# Hound Dog



## olibooger (Feb 13, 2019)

Hey you guys. I currently rent a home and am not supposed to have dogs or else I would put the time in to train this dog and make it my own. We have been fostering different dogs from a no kill shelter and this one came in. 

I love dogs very much. I would absolutely pay whatever the lady is asking for her if I could but the reality is I just cant right now. 
I'm pretty sure she is spayed. I know she has all of her health checkups in check. The lady makes sure the dogs have everything health wise in order for the dogs to go to a new home for the best chance of success. 

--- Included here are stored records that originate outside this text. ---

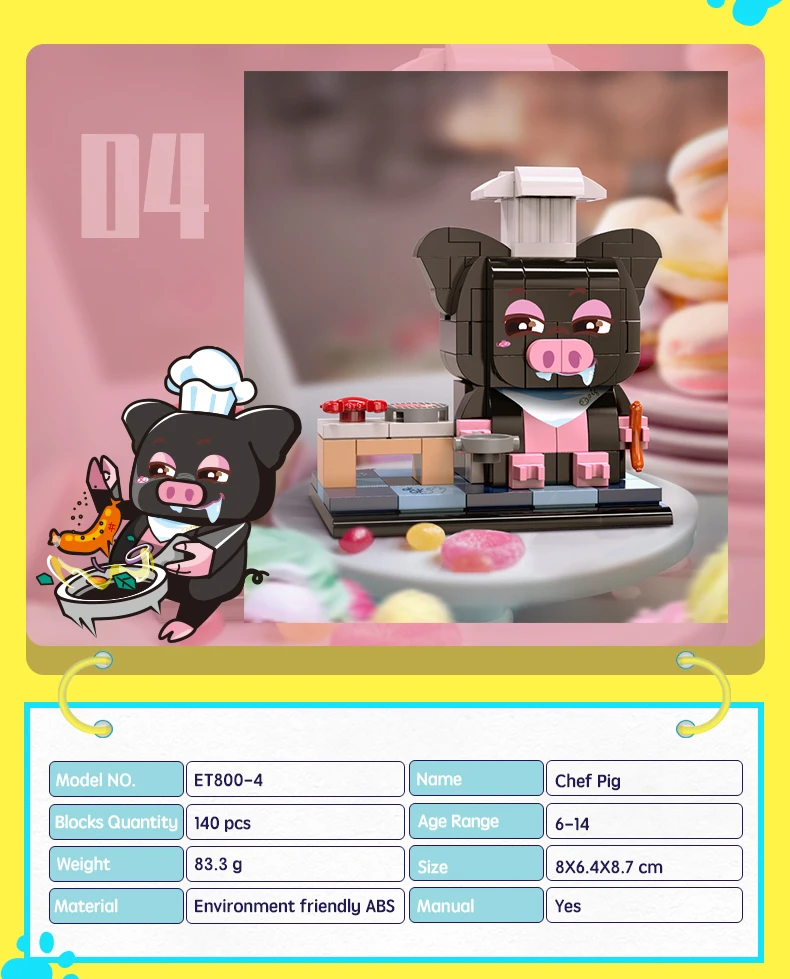 Construction set "Character" (140 pieces) Pig master chef Build your own unique world with the BanBao construction set! This exciting building block toy brings unlimited creativity and possibilities to your home. Each piece has its own specific place, and the step-by-step guide helps you create the perfect character or unusual artifact. From epic battle robots to exciting heroes and incredible worlds, BanBao allows you to turn any idea into into reality. This construction set is not only an entertaining toy, but also a unique opportunity for your child to develop spatial thinking, creativity and logic skills, during which they will enjoy every moment of construction and be proud of their own masterpiece. With BanBao, your possibilities are endless - let your imagination run wild!
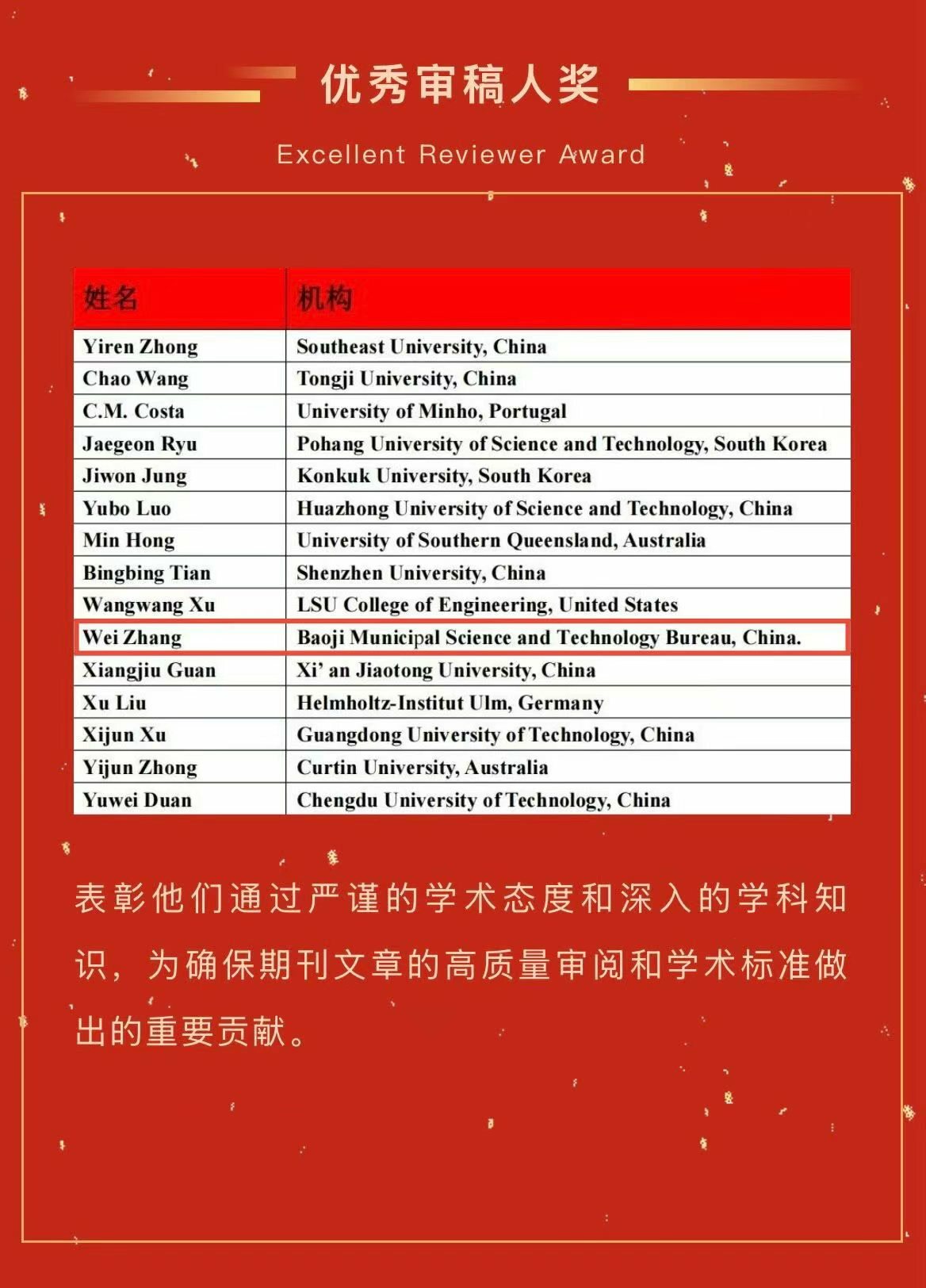 近日,国际知名学术期刊《能源材料》(《Energy Materials》)正式揭晓2025年度“优秀审稿人奖”获奖名单,宝鸡市科学技术局张炜博士,凭借其深厚的学术造诣、严谨的审稿态度及对学科前沿的精准把握,从全球众多顶尖学者中脱颖而出,光荣上榜!此奖项不仅是张炜博士的学术荣誉,更是我市创新人才工作机制链接国际高端学术资源、赋能本地科技创新的重要标志。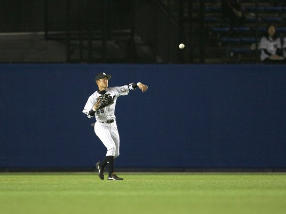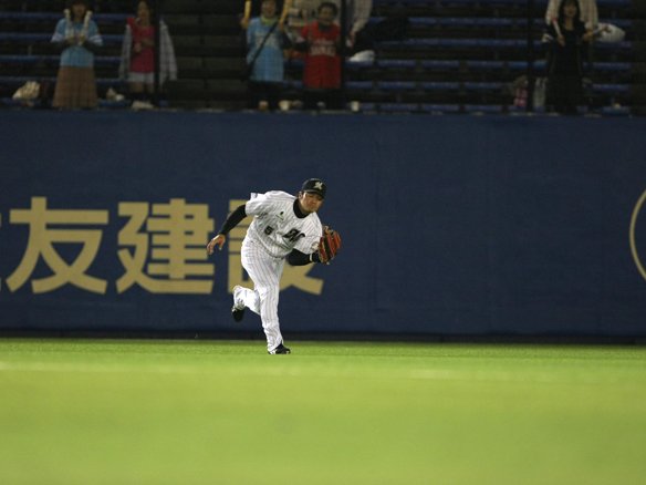 1番 川崎 左飛 2-1から低めのストレートで打ち上げさせた打球は、レフトがガッチリとつかんだ。 |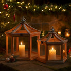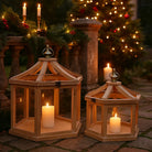 Set 2 Lanterna esagonale anticata in legno e metallo decorativa da esterno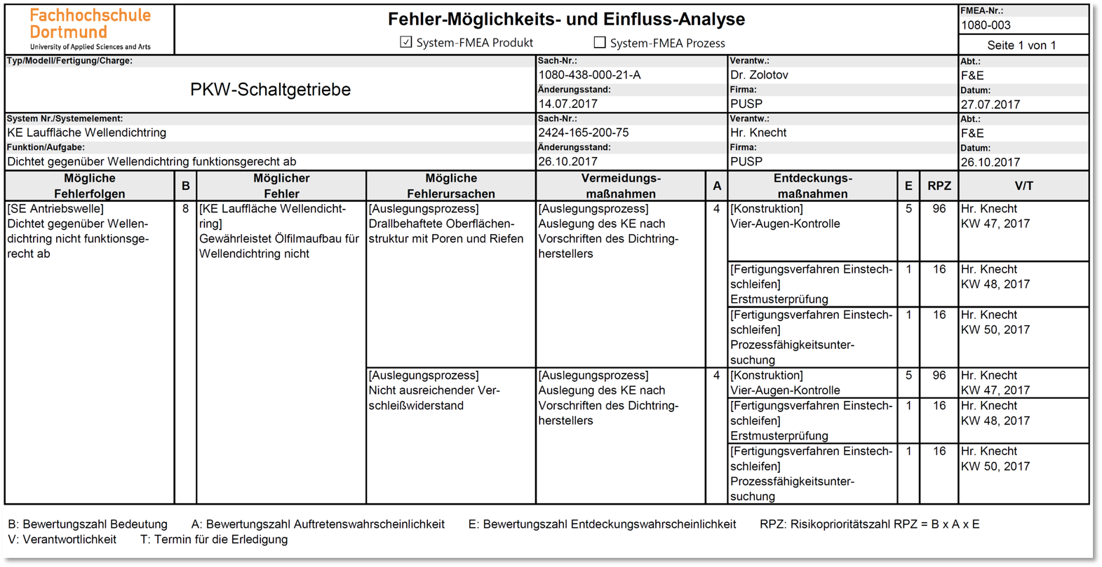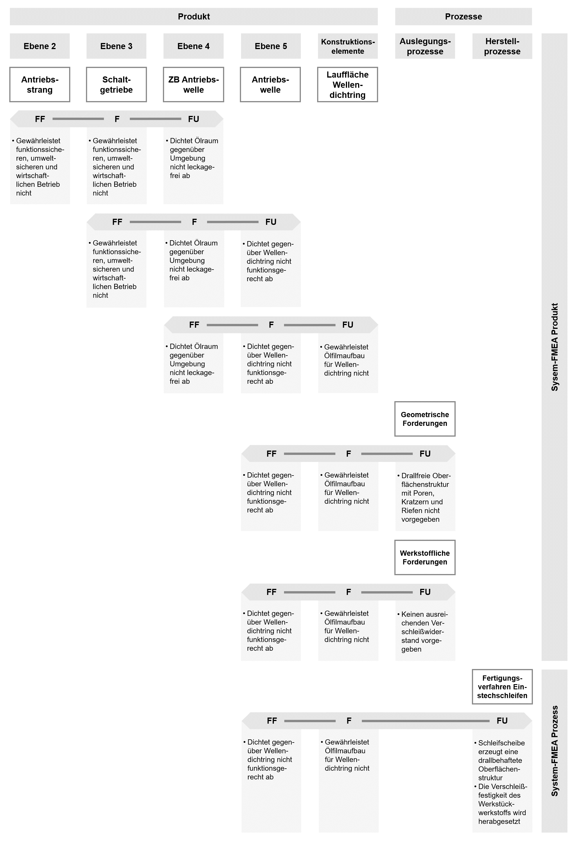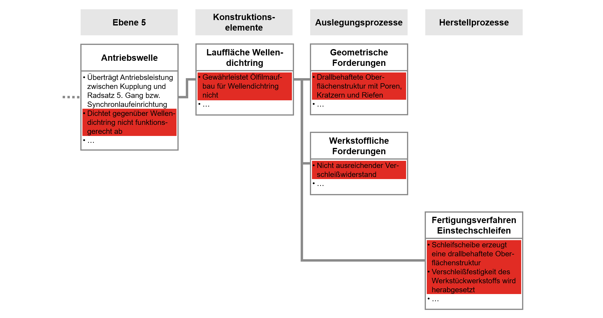 Folgt man den Überlappungen, stellt man fest, dass das Einzelteil Antriebswelle im Bereich des Konstruktionselements Lauffläche Wellendichtring Merkmale aufweist, welche nicht funktionsgerecht sind: Drallbehaftete Oberflächenstruktur mit Poren und Riefen sowie Nicht ausreichender Verschleißwiderstand. Eine mögliche Fehlerquelle ist auf Ebene der Konstruktionselemente bei der Lauffläche Wellendichtring auf der Antriebswelle zu finden: Gewährleistet Ölfilmaufbau für Wellendichtring nicht. Diese Fehlfunktion kann zum einen durch eine nicht funktionsgerechte Vorgabe durch den Konstrukteur im Auslegungsprozess oder durch eine nicht forderungskonforme Umsetzung dieser Vorgaben durch den Prozesseinrichter im Herstellprozess hervorgerufen werden. Auslegungsfehler werden vor Serienanlauf spätestens im Rahmen vorläufiger Prozessfähigkeitsuntersuchungen oder der Erstmusterprüfung entdeckt. Mögliche Fertigungsfehler nach Serienfreigabe werden durch Langzeitprozessfähgigkeitsuntersuchungen minimiert.

We have fostered four dogs before her and four dogs have gone back to sitting in a kennel being let out once a day (some have found new homes also). My hope is someone here has room for another hound this dog could learn from or someone is simply looking for a new dog. I really hate to think that this puppy is going to go back to sitting in a kennel. She is the longest sitting dog in the shelter nobody has taken in. 😥 If you are interested in this dog, please let me know and I can get you the lady's information to buy this dog.


----------



## olibooger (Feb 13, 2019)

I am watching her do laps around my tree in the back yard with a ball in her mouth. Such a cool dog.


----------



## 3arabians (Dec 9, 2014)

Sneak a **** back there and see if she'll chase it up that tree. Might get some takers if she does. 

Sent from my iPhone using Tapatalk


----------



## olibooger (Feb 13, 2019)

If only I could find me a ****. 

Anyways. Long story short, the dog became my dog for the time being. I paid for her and have her papers. 

I have even offered to pay half of the adoption costs for the right owner to come through.

She is current on vax and rabies. She doesn't have ovaries anymore. Or whatever they do but she is fixed. 

I just dont want to get kicked out of my place. 🤞 for a good owner to come through.

She is a coonhound.

Some lady responded to my ad saying she thought the dog, Remi would be a great companion to her disabled husband and she wanted an inside dog that got along with two cats. 

Yeah no.

If you have never owned a hound, this dog is the coolest dog I have come across. Her nose literally takes her places. Wherever she goes she is just a smelling away. It's like she cant help herself but to smell, constantly. Such a good dog.


----------



## johnnycake (Jul 19, 2011)

Good luck finding her a forever home. I gotta say though, willingly violating your lease by bringing in foster dogs is a crap thing to do.


----------



## olibooger (Feb 13, 2019)

I agree whole heartedly.
But there are surrounding circumstances as to why we have fostered the dogs that I cannot mention here. Once she finds a home, we dont have to foster any more. We had to foster them for less than 2 months total.

FWIW, as soon as we have our own place, I will not only foster the dogs, I will own my dogs.

Two dogs, two llamas and a bunch of rose bushes around all windows. 👍👌


----------



## johnrr65 (Nov 7, 2019)

olibooger said:


> I agree whole heartedly.
> But there are surrounding circumstances as to why we have fostered the dogs that I cannot mention here. Once she finds a home, we dont have to foster any more. We had to foster them for less than 2 months total.
> 
> FWIW, as soon as we have our own place, I will not only foster the dogs, I will own my dogs.
> ...


+1


----------



## olibooger (Feb 13, 2019)

We found her a good home. Someone with a german shepherd who used to have a hound dog took her. I'm a little heartbroken but it's for the best.
Just wanted to follow up. 
Case closed. 👍👌


----------